芸能界でなくてもSNSで一個人が有名になれてしまう一般人との境界線がどんどん薄れてる時代、承認欲求や自己顕示欲が高まってる中で、思春期を過ごす過酷さで精神を擦り減らす。それに加えてネットの世界とは乖離していく実生活。きっと端から見れば不幸とは言えない家庭環境や学校生活でも、その中で増幅される孤独感は誰とも比べることは不可能。だからあの言葉が自分だけのために届いた喜びで沼っていくのも理解し易い。悩みとか話して、世界にはもっと辛い人がいるよって言われて自分の悩みなんてちっぽけだって思える人はそれで良いけど、誰かが代わってくれるわけでもないその苦しみを、他人と比べるって事に釈然としない自分は2人が呼応する場面で引き込まれました。

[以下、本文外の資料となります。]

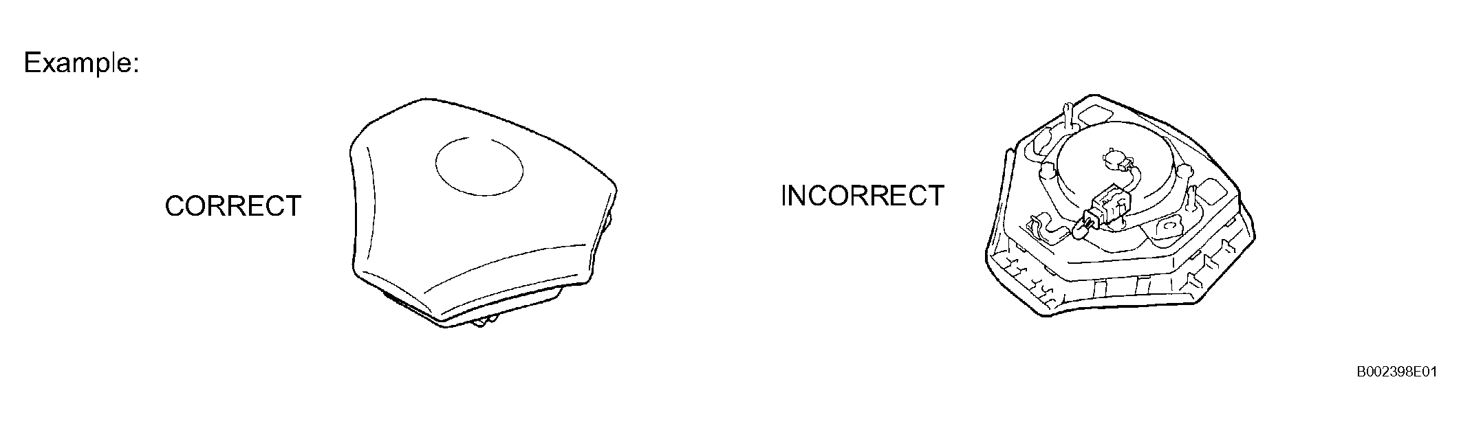 - When disposing of the vehicle or the horn button assembly by itself, the airbag should be deployed using SST before disposal. Activate the airbag in a safe place away from electrical noise.

読んでると2人の感情と、それを無慈悲に攻撃してくるセカイとの応酬がこれもまた若い子たちが慣れ親しんでいる、言葉が洪水のように羅列する今時の音楽のようで、コマ割りや言葉の配置が動画サイトにあるようなアニメーション?を使ったMVっぽいのかな、隙も息継ぎする暇もない。若い子たちに親和性が高いと思うし、こういう作品が生まれる必然性は感じます。もちろん自分自身共感できる部分もあったわけだし、この作品テーマにはこのスタイルが合ってると思う。
ただ作品の中に全て描かれすぎてて、創作物に生じる余白のような間(ま)が欲しくなる自分にはど真ん中の好みではなかったってだけ。自分の頭でイメージを膨らませたいけど、この作品はそのまま頭に流れ込んで占領する感じでスラスラ読めてキモチイイ!てなるのがちと苦手かも。
配信者ガチ恋粘着系漫画は多分一番有名な作品?を読んだことある程度で、BLではインフルエンサーのキャラ設定多い方だと思うけどここまで純度高めて描いてるのは初めてじゃないか?てくらい自分の存在意義、ファン、ガチ恋、共依存てのが密接に2人の関係と繋がってて、ぶっ刺さる人にはエグいパワーがあるんだろうな。
SNSが中心にあると不幸にしかなれないとは思うけど、同じクラスに本音を話せる人がいなくても世界が繋がったおかげでそこでの出会いに救われる人だっているから否定は出来ない。ただただ彼らにとって心安らかな関係に落ち着くことを願う!